* _Problem statement_:
Your output should be the lines below from the one with "A patriotic print" through the one with "1、象棋教学纳入常规的管理", copied exactly, pictures excluded.

* _Input records_:
--- START ---

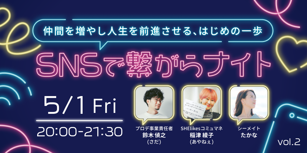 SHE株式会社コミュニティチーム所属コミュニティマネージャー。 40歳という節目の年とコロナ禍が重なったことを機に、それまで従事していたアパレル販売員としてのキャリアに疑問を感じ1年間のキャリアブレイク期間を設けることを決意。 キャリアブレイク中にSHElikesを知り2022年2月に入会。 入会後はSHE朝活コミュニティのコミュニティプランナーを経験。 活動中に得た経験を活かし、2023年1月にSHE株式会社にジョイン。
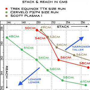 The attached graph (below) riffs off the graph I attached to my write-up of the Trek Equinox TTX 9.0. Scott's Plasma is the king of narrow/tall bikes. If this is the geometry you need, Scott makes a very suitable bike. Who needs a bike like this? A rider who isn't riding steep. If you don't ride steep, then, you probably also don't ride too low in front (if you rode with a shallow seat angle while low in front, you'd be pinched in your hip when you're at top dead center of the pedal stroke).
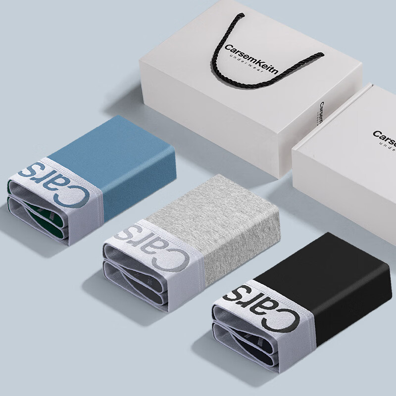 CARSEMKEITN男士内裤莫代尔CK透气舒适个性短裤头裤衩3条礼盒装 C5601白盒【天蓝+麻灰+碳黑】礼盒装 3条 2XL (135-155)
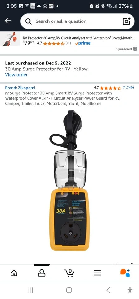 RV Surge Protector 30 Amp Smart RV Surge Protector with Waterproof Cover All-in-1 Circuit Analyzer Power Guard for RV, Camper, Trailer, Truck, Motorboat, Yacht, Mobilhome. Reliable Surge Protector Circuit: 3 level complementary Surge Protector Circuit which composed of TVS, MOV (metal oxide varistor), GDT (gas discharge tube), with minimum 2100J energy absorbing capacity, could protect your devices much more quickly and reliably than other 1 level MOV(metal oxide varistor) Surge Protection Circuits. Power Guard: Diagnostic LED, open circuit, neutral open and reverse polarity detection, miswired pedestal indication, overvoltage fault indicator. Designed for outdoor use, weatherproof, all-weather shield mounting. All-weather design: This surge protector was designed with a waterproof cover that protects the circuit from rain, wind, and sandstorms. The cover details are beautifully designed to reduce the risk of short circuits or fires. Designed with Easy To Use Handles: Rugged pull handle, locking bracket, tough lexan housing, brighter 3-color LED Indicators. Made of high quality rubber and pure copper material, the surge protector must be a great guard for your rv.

--- END ---
--- START ---

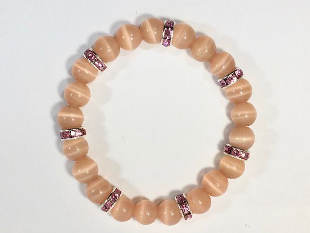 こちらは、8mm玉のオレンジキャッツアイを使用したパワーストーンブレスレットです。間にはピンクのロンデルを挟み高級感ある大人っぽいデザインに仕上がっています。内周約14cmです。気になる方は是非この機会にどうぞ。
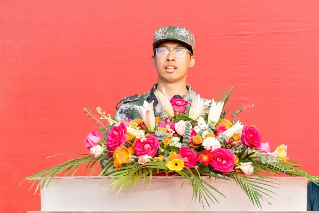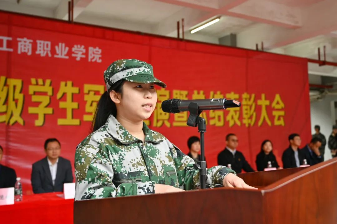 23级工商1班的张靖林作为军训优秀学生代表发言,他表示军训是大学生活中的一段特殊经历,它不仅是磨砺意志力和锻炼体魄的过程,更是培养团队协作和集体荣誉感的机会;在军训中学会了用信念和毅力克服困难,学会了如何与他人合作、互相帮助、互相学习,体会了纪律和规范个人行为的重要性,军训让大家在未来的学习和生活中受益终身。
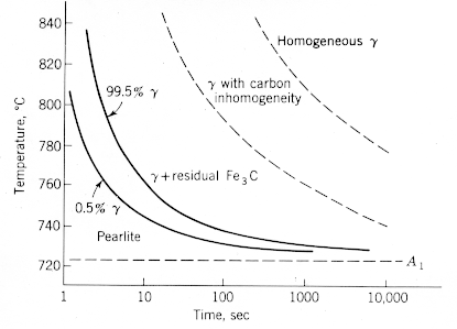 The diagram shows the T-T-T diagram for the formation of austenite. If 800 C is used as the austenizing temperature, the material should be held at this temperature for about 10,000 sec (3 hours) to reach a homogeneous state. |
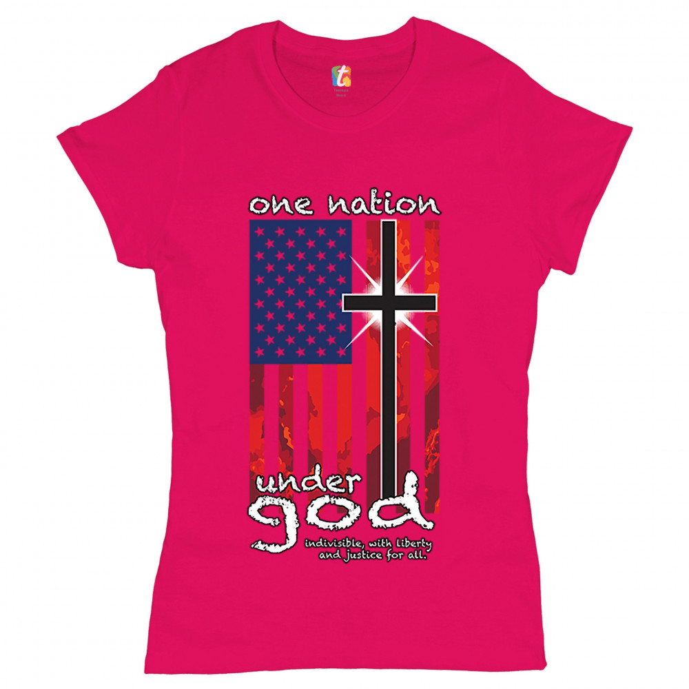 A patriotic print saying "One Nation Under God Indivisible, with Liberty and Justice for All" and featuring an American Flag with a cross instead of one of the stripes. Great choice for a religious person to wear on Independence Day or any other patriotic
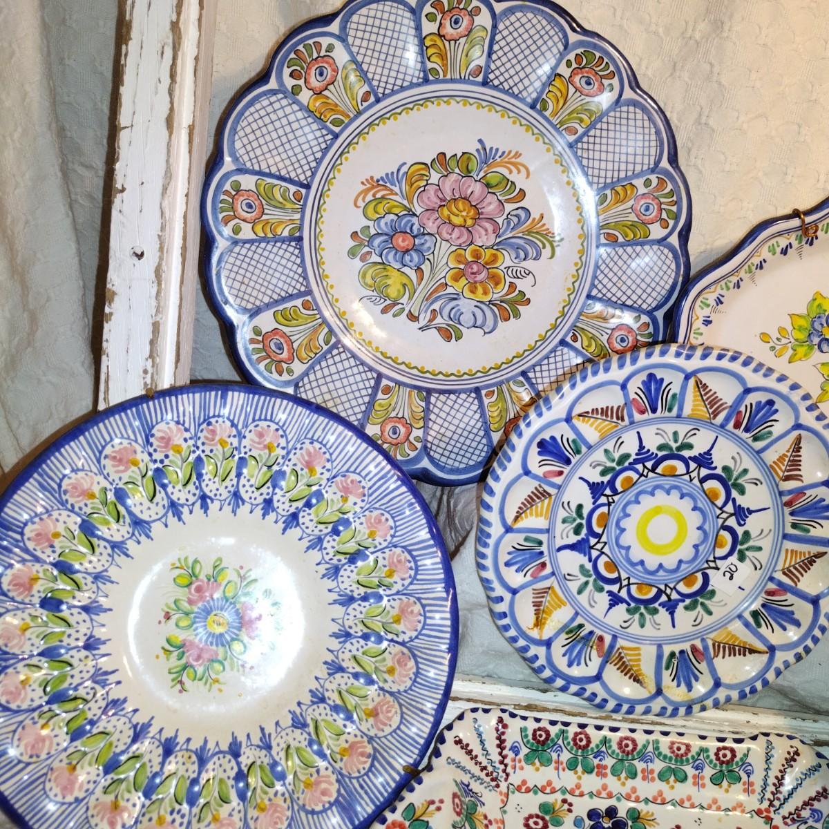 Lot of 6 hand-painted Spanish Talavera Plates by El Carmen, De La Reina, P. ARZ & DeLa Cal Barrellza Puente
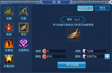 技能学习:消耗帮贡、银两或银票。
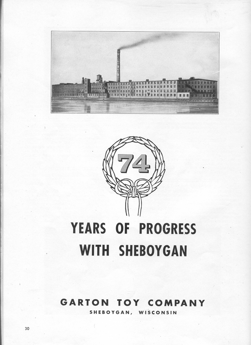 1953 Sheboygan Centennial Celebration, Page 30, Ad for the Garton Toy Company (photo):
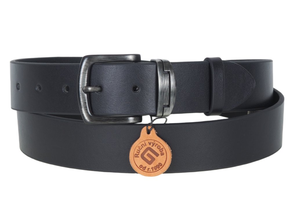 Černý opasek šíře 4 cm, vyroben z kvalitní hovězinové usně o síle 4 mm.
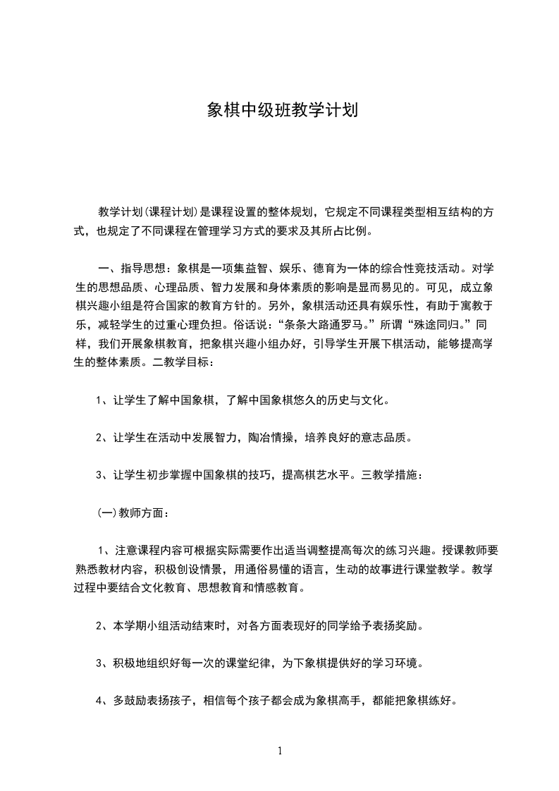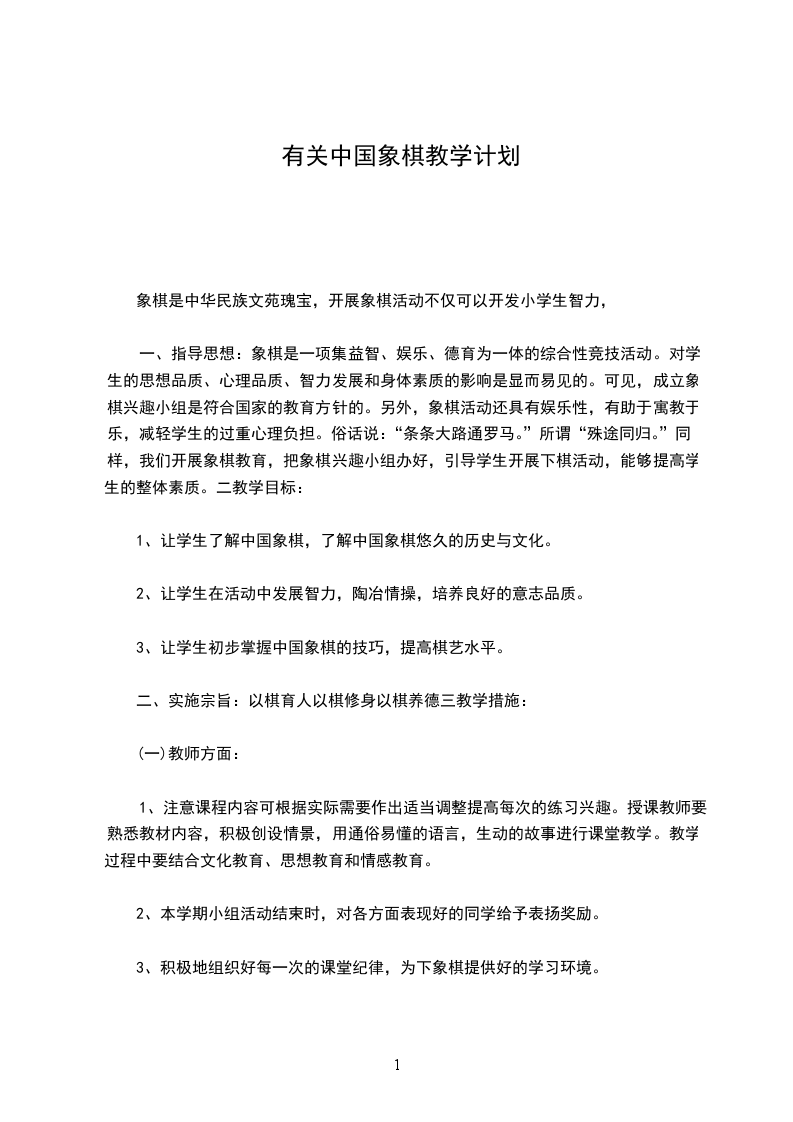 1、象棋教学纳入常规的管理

--- END ---

* _Solved problem_:
 A patriotic print saying "One Nation Under God Indivisible, with Liberty and Justice for All" and featuring an American Flag with a cross instead of one of the stripes. Great choice for a religious person to wear on Independence Day or any other patriotic
 Lot of 6 hand-painted Spanish Talavera Plates by El Carmen, De La Reina, P. ARZ & DeLa Cal Barrellza Puente
 技能学习:消耗帮贡、银两或银票。
 1953 Sheboygan Centennial Celebration, Page 30, Ad for the Garton Toy Company (photo):
 Černý opasek šíře 4 cm, vyroben z kvalitní hovězinové usně o síle 4 mm.
 1、象棋教学纳入常规的管理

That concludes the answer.